Early Post-Transplant Hospital Readmission Factors Identified

Older kidney transplant (KT) recipients and those of African-American race are at significantly higher risk of early hospital readmission (EHR) after transplantation, a study found.

In addition, EHR, defined as at least one hospital readmission to an acute care hospital within 30 days after discharge from initial KT, was significantly more likely among recipients of expanded criteria donor (ECD) kidneys, obese patients, those with diabetes or other comorbidities, and those who had a longer initial hospital length of stay, according to an online report in the American Journal of Transplantation.

The new findings may have important implications for clinical practice by helping to identify which KT recipients are at increased risk for readmission, researchers led by Dorry L. Segev, MD, PhD, of the Johns Hopkins University School of Medicine in Baltimore, concluded. “Recipients at risk could be targeted for better transitions of care and coordination of care at discharge from KT.”

Dr. Segev's team examined data from 32,961 Medicare patients who underwent primary kidney transplantation from 2000 to 2005. Of these, 31% had EHR. The mean time to EHR was 10.1 days and the mean cost of readmissions was $10,551.

“We were surprised by the very high rate of early readmission,” Dr. Segev told Renal & Urology News. “Nearly one-third of transplant patients are readmitted. It is highly likely that some, if not many, of these readmissions are preventable through targeted intervention, surveillance, and novel post-discharge mechanisms.”

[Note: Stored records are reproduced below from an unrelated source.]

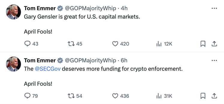 共和党多数党党鞭 Tom Emmer 发推嘲讽美国证券交易委员会,「SEC 在加密或领域应该获得更大监管权力;Gray Gensler 对于美国资本市场来说至关重要」,随后补充「April Fools!」
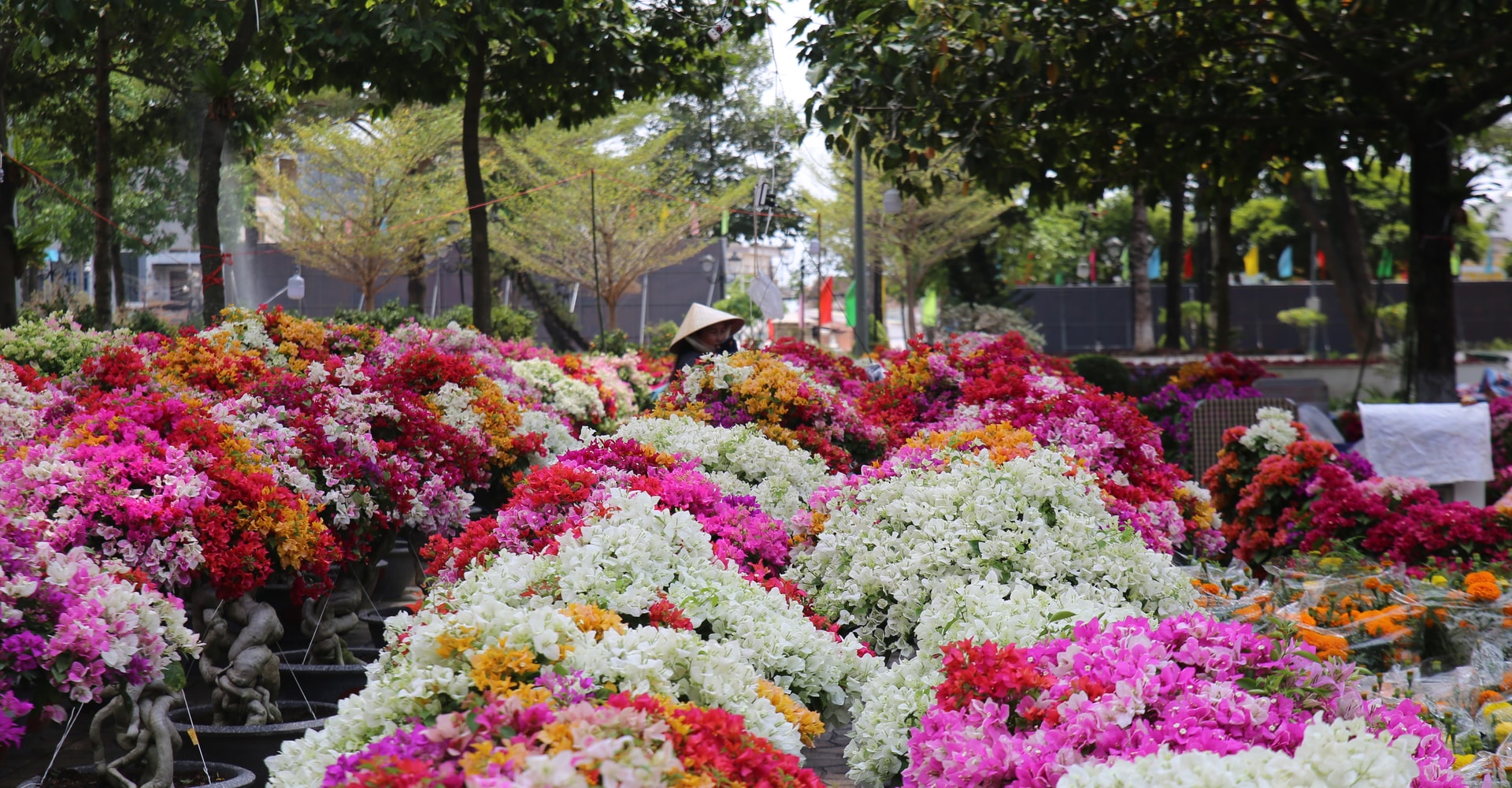 Hoa giấy có nhiều loại với màu sắc nổi bật được các thương lái ở miền Tây đưa lên bán, tạo không gian đa màu sắc và thơ mộng.
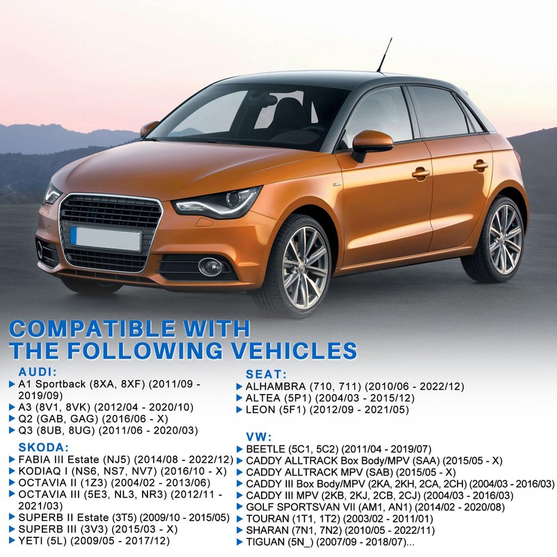 • This ignition lock cylinder with keys is compatible with: A1 8X1, 8XF (2010-2018), A3 8P, A3 Sportback (2003-2013), TT 8J (2007-2014), Q3 8U (2011-), Alhambra 710, 711 (2011-), ), altea, Altea XL (2004-), Leon 1P1 (2005-), Toledo III (2004-), 1Z (2004-2013), Superb II 3T (2008-2013), Yeti 5L (2010-2013)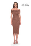 Ruched off the shoulder jersey dress with tulip style skirt. Back zipper closure.
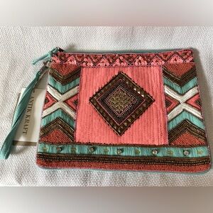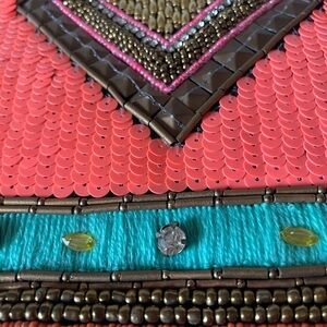 Stunning artwork on a bag! Beads, sequins, and ‘gemstones’ adorn this bag. Can be used as clutch (wristlet is removable) or the most beautiful tablet case for travel! Inside is one large compartment with one small open pocket.
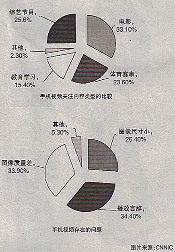 終端是影響手機視頻業(yè)務發(fā)展的重要因素之一,手機視頻業(yè)務的發(fā)展對終端提出了更高的要求。手機視頻的實現(xiàn)方式可以分為兩種,一種是本地視頻業(yè)務,一種是在線視頻業(yè)務。本地視頻業(yè)務指的是通過手機將視頻內容下載到手機上觀看,而在線視頻業(yè)務則是通過手機連接移動互聯(lián)網(wǎng),借助視頻播放器實時在線觀看視頻內容。這兩種方式都決定了終端將成為影響手機視頻業(yè)務體驗的重要因素,尤其是在線視頻的方式,手機的處理能力將直接影響到視頻的播放速度,同時,手機的屏幕大小和屏幕分辨率也將影響用戶的觀看體驗。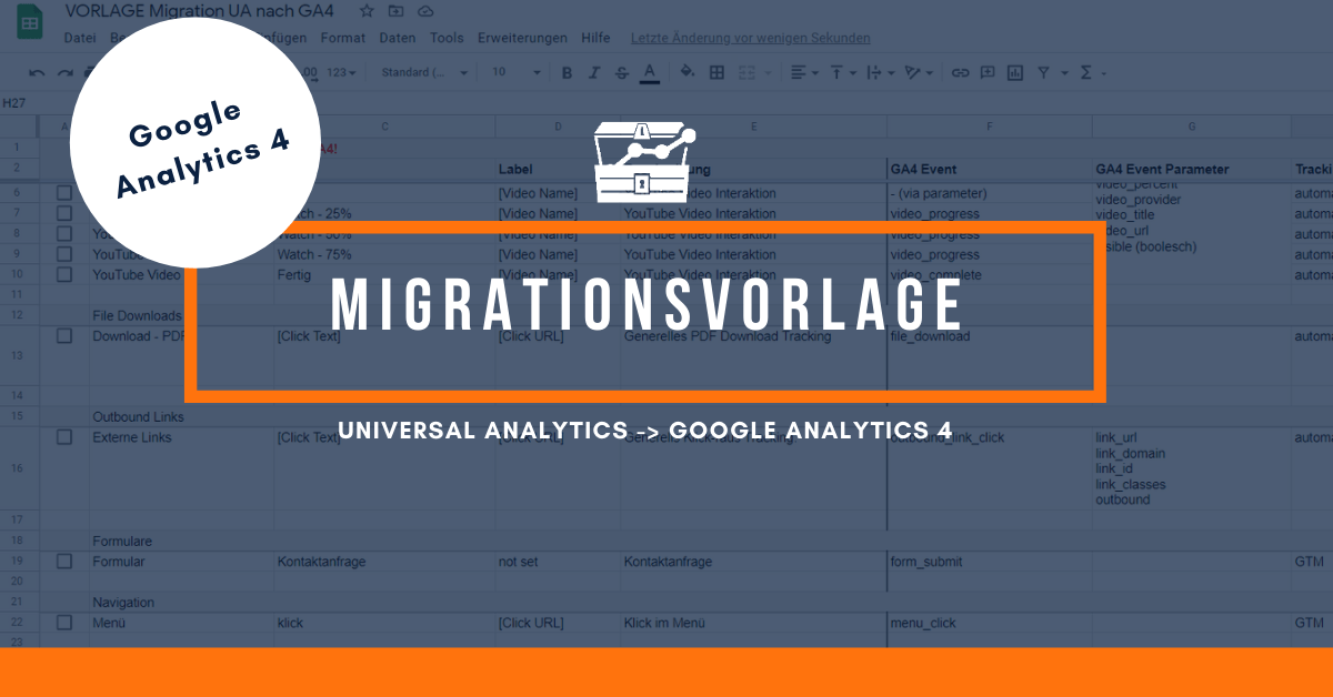 Nachdem ich schon einige große, kleine, dicke und dünne Universal Analytics Setups erfolgreich auf GA4 migriert habe, zeige ich dir im Folgenden meine Migrations Vorlage.

Each 10-year increment in age at transplantation was associated with a significant 6% increased risk of EHR for patients younger than 40 years, a 2% increased risk for those aged 40-70, and a 40% increased risk for recipients older than 70, Dr. Segev's group reported. A 60-year-old had a 17% increased risk of EHR compared with a 20-year-old after controlling for all other factors.

African-American recipients had a significant 11% increased risk compared with non-African-American patients. Compared with patients who received a kidney from a live donor, those who received an ECD kidney had a 12% increased risk of EHR.

In addition, the study found that women with diabetes had a 29% increased risk of EHR compared with women who did not. Men with diabetes had a 12% increased risk compared with men who did not.

The study also demonstrated an association between hospital length of stay after transplantation. Patients who stay was less than five days had a significant 17% decreased risk of EHR per day, whereas recipients whose stay was five days or more had a significant 7% increased risk per day.

“A short length of stay was likely associated with a low risk of readmission because short length of stay, in many cases, reflects a low-risk recipient with an organ from a low-risk donor,” Dr. Segev and his colleagues explained.